* [Records to process]
..........
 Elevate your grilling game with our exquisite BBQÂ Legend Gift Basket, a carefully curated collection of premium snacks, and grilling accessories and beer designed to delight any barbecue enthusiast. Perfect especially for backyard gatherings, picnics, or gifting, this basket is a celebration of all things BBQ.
..........
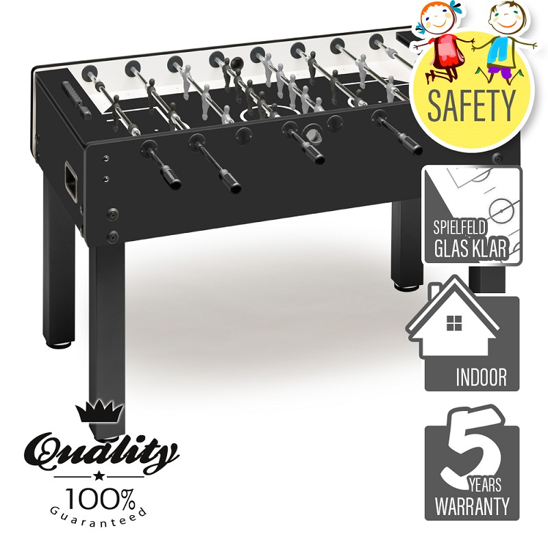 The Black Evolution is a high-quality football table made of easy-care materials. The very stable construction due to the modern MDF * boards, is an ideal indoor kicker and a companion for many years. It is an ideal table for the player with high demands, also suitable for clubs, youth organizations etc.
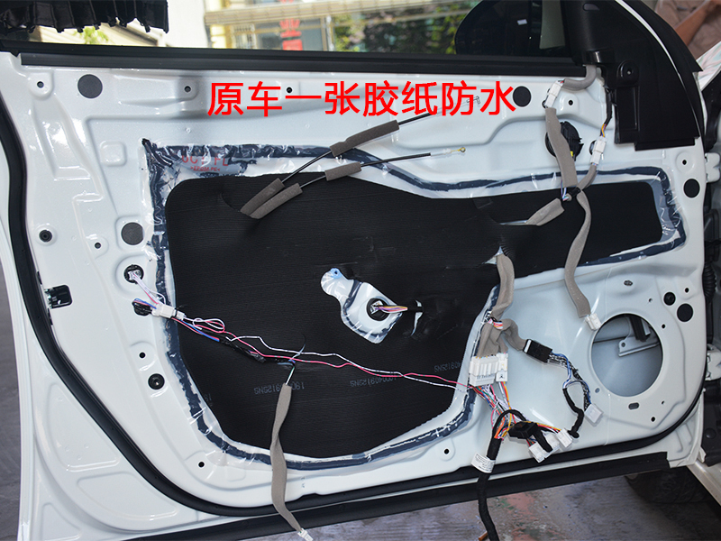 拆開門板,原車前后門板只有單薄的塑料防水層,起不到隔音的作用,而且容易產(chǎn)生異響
..........
* [Exercise brief] Reproduce the lines above beginning at the line that contains "The Black Evolution" and ending at the line that contains "拆開門板,原車前后門板只有單". No pictures.

* [Task result]
 The Black Evolution is a high-quality football table made of easy-care materials. The very stable construction due to the modern MDF * boards, is an ideal indoor kicker and a companion for many years. It is an ideal table for the player with high demands, also suitable for clubs, youth organizations etc.
 拆開門板,原車前后門板只有單薄的塑料防水層,起不到隔音的作用,而且容易產(chǎn)生異響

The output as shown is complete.